### RAW DATA
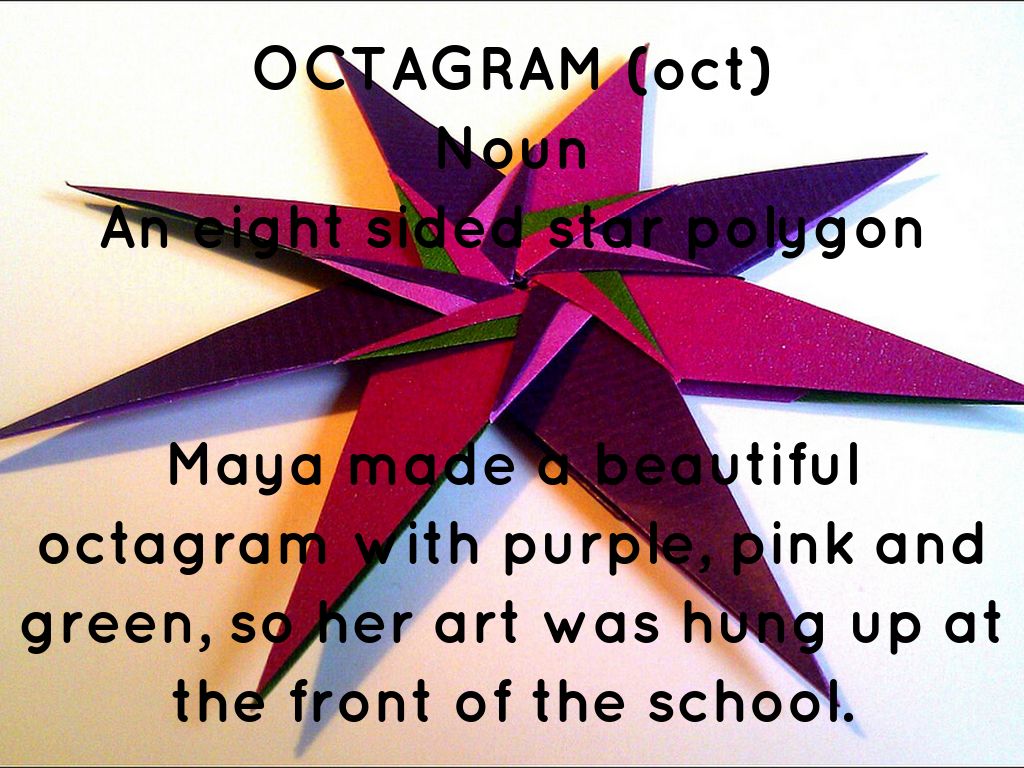 Maya made a beautiful octagram with purple, pink and green, so her art was hung up at the front of the school.
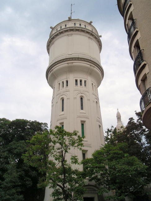 Mimochodem, na Montmartru najdeme kromě vodárenské věže i celou vodárenskou nádrž, tak umně maskovanou, že o ní hordy turistů, procházejících kolem, vůbec netuší. Leží hned vedle Sacré Coeur a kostela Saint-Pierre, byla dokončená v roce 1889, má kapacitu 11 000 m3 a je maskovaná starou zdí, tvořící celou jednu stranu rue Azais.
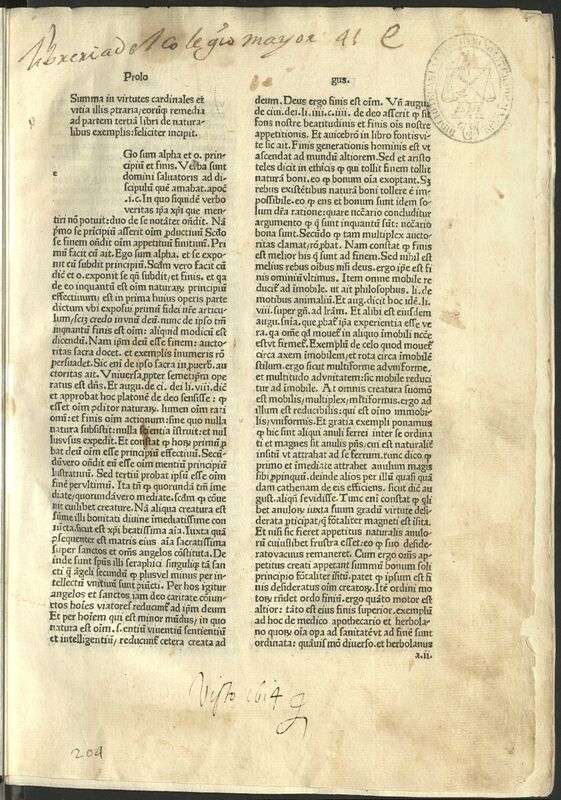 - Ex-libris ms. del Colegio Mayor de Alcalá. Encuadernación de pergamino

### WHAT IS BEING ASKED
Leaving out only the pictures, return the material above unchanged.

### REPLY
 Maya made a beautiful octagram with purple, pink and green, so her art was hung up at the front of the school.
 Mimochodem, na Montmartru najdeme kromě vodárenské věže i celou vodárenskou nádrž, tak umně maskovanou, že o ní hordy turistů, procházejících kolem, vůbec netuší. Leží hned vedle Sacré Coeur a kostela Saint-Pierre, byla dokončená v roce 1889, má kapacitu 11 000 m3 a je maskovaná starou zdí, tvořící celou jednu stranu rue Azais.
 - Ex-libris ms. del Colegio Mayor de Alcalá. Encuadernación de pergamino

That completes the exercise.